DATA SECTION>
________________________________________

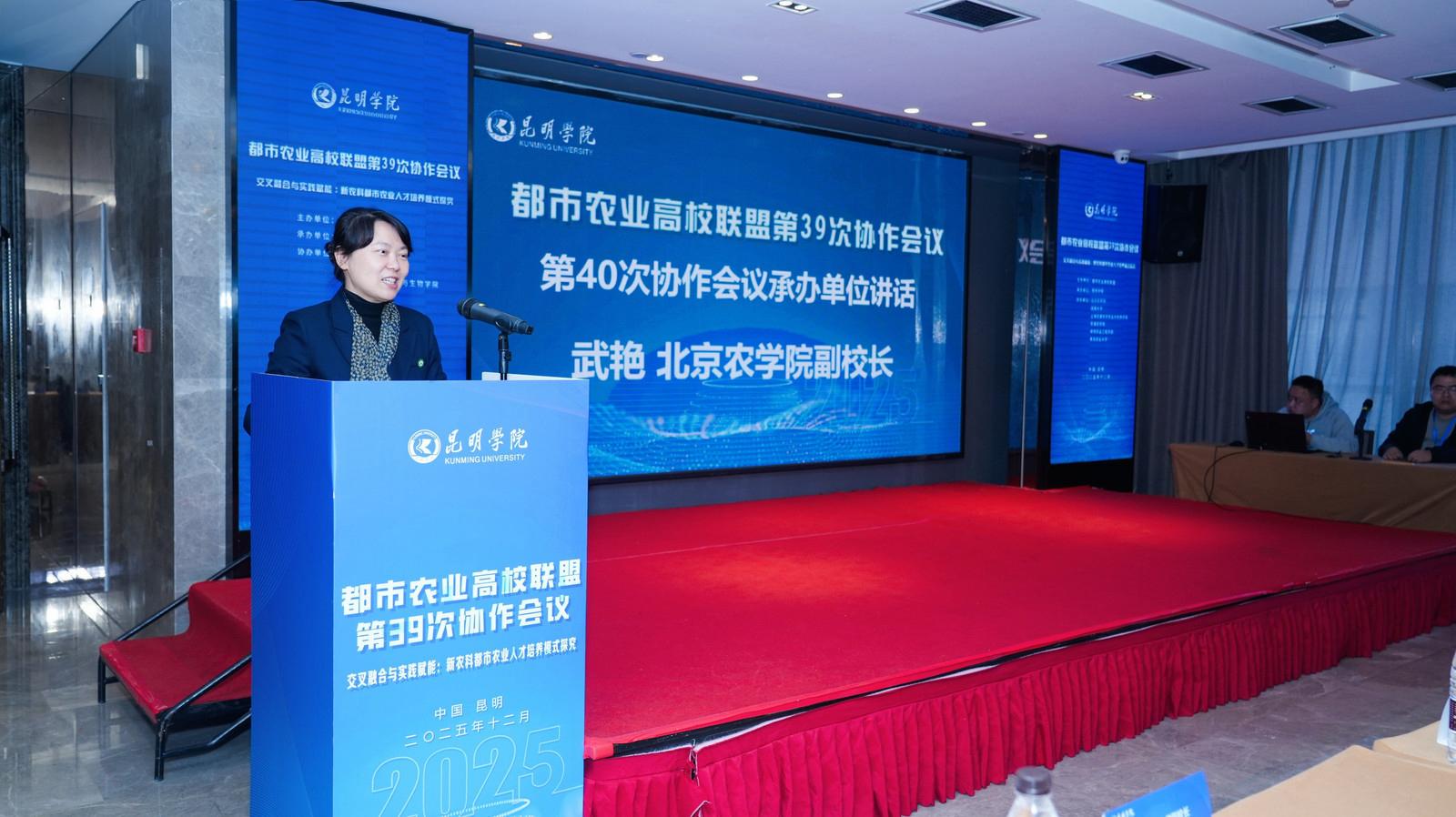 12月5日,都市農(nóng)業(yè)高校聯(lián)盟第39次協(xié)作會(huì)議在昆明召開(kāi)。來(lái)自北京農(nóng)學(xué)院、天津農(nóng)學(xué)院、西南大學(xué)、仲愷農(nóng)業(yè)工程學(xué)院、青島農(nóng)業(yè)大學(xué)、上海交通大學(xué)農(nóng)業(yè)與生物學(xué)院等聯(lián)盟成員單位代表齊聚一堂,通過(guò)專(zhuān)題報(bào)告、分組討論等形式,圍繞“新農(nóng)科都市農(nóng)業(yè)人才培養(yǎng)模式探究”進(jìn)行深入交流研討。我校黨委常委、副院長(zhǎng)武艷參會(huì)并以《新農(nóng)科都市農(nóng)業(yè)人才培養(yǎng)模式的北農(nóng)實(shí)踐》為題作報(bào)告。會(huì)議確定,都市農(nóng)業(yè)高校聯(lián)盟第40次協(xié)作會(huì)議將由北京農(nóng)學(xué)院承辦。
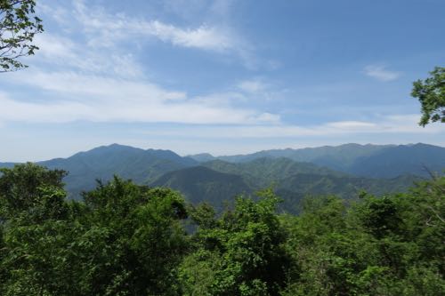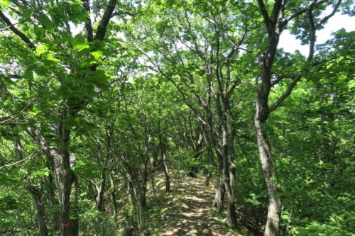 このコースは、下の方は植林帯ですが、経が岳からの稜線は、広葉樹の森になっています。新緑の緑が本当にきれいでした。そんな緑の中にアカヤシオツツジがところどころに彩りを加えていました。緑の木々を揺らす風も気持ちよかったです。
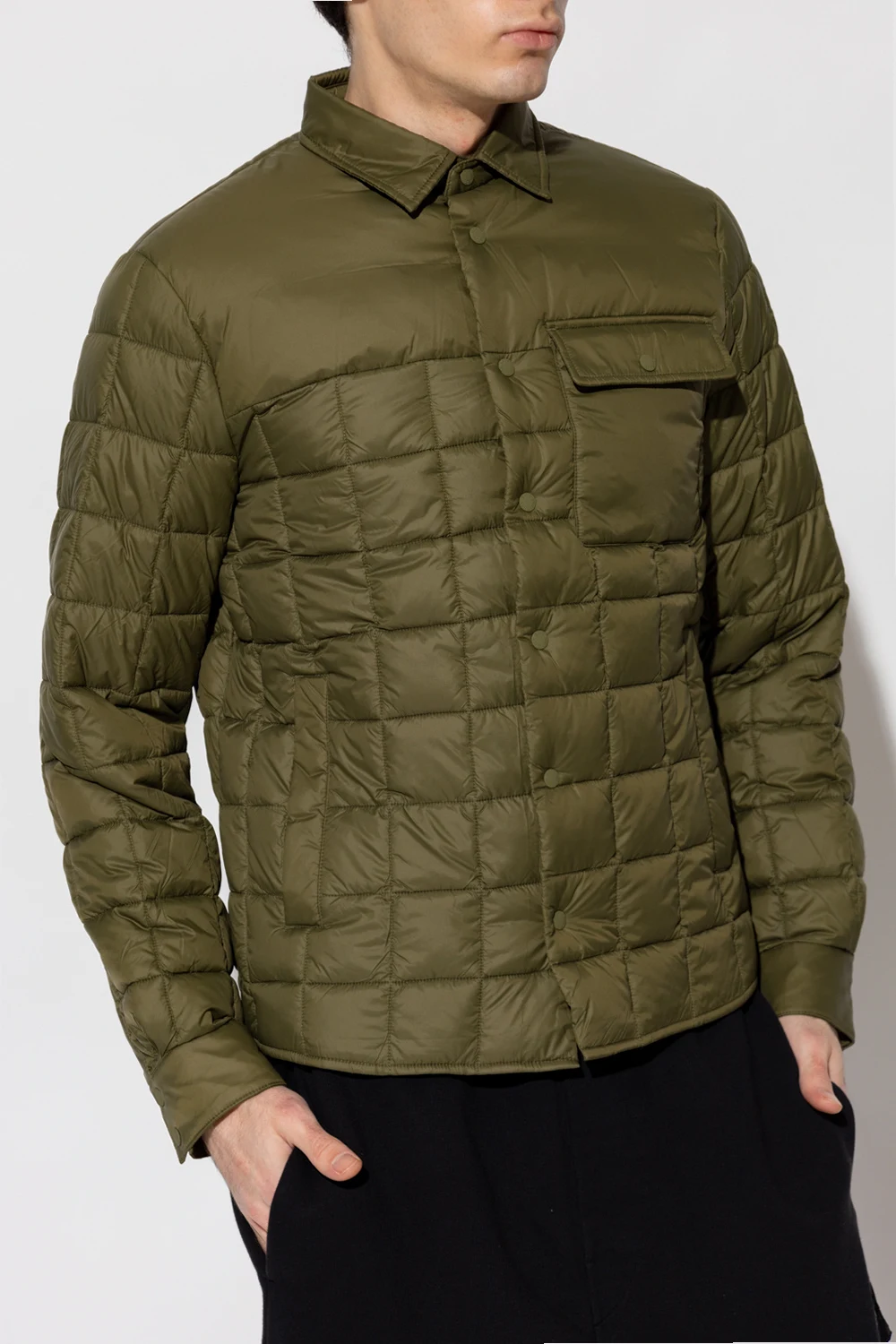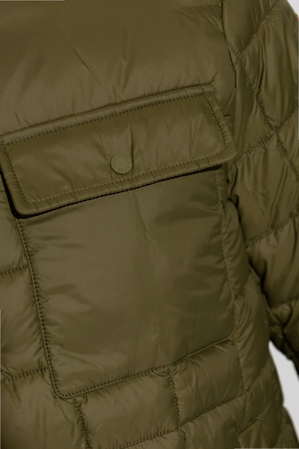 Dark green ‘Carina’ jacket from Save The Duck. Emblazoned with a logo patch, this style features snap fastenings, long sleeves and two zip pockets.

________________________________________

ACTION ITEM>
A word-for-word copy of all the data, without pictures, is the expected output.

ANSWER TO THIS TASK>
 12月5日,都市農(nóng)業(yè)高校聯(lián)盟第39次協(xié)作會(huì)議在昆明召開(kāi)。來(lái)自北京農(nóng)學(xué)院、天津農(nóng)學(xué)院、西南大學(xué)、仲愷農(nóng)業(yè)工程學(xué)院、青島農(nóng)業(yè)大學(xué)、上海交通大學(xué)農(nóng)業(yè)與生物學(xué)院等聯(lián)盟成員單位代表齊聚一堂,通過(guò)專(zhuān)題報(bào)告、分組討論等形式,圍繞“新農(nóng)科都市農(nóng)業(yè)人才培養(yǎng)模式探究”進(jìn)行深入交流研討。我校黨委常委、副院長(zhǎng)武艷參會(huì)并以《新農(nóng)科都市農(nóng)業(yè)人才培養(yǎng)模式的北農(nóng)實(shí)踐》為題作報(bào)告。會(huì)議確定,都市農(nóng)業(yè)高校聯(lián)盟第40次協(xié)作會(huì)議將由北京農(nóng)學(xué)院承辦。
 このコースは、下の方は植林帯ですが、経が岳からの稜線は、広葉樹の森になっています。新緑の緑が本当にきれいでした。そんな緑の中にアカヤシオツツジがところどころに彩りを加えていました。緑の木々を揺らす風も気持ちよかったです。
 Dark green ‘Carina’ jacket from Save The Duck. Emblazoned with a logo patch, this style features snap fastenings, long sleeves and two zip pockets.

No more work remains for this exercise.